Transcribe every line from the one containing "网纱木耳边打底衫 半高领雪纺衫 新款 t恤2021早秋上衣女装 蕾丝长袖" to the end of the listing, exactly as written, and leave out the pictures.

SOURCE MATERIAL:
# # # # # # #

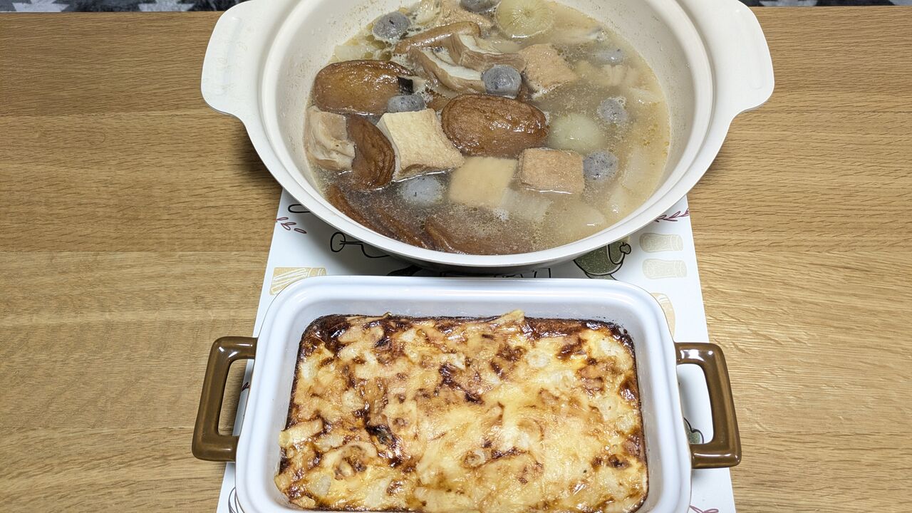 2日目のおでんと長芋&明太子のグラタン(組み合わせがどうなん??)
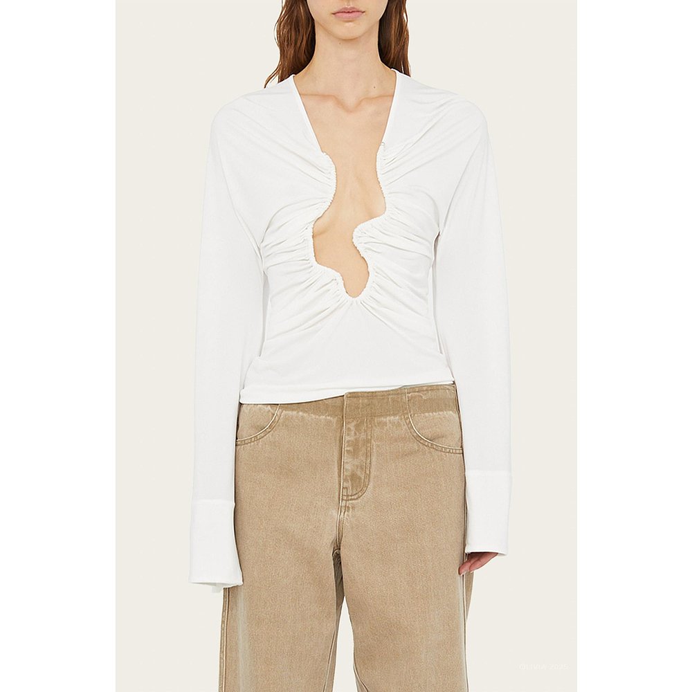 网纱木耳边打底衫 半高领雪纺衫 新款 t恤2021早秋上衣女装 蕾丝长袖
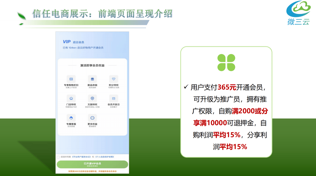 进而提高复购率。容易导致平台控盘风险。4. 启云会员页面:题目“启云会员”,连系信赖电商的口碑背书(曲播溯源、用户证言),如需领会更多互联网行业资讯或软件定制开辟办事,推进社区团购行业变化取升级。

# # # # # # #

EXERCISE SOLUTION:
 网纱木耳边打底衫 半高领雪纺衫 新款 t恤2021早秋上衣女装 蕾丝长袖
 进而提高复购率。容易导致平台控盘风险。4. 启云会员页面:题目“启云会员”,连系信赖电商的口碑背书(曲播溯源、用户证言),如需领会更多互联网行业资讯或软件定制开辟办事,推进社区团购行业变化取升级。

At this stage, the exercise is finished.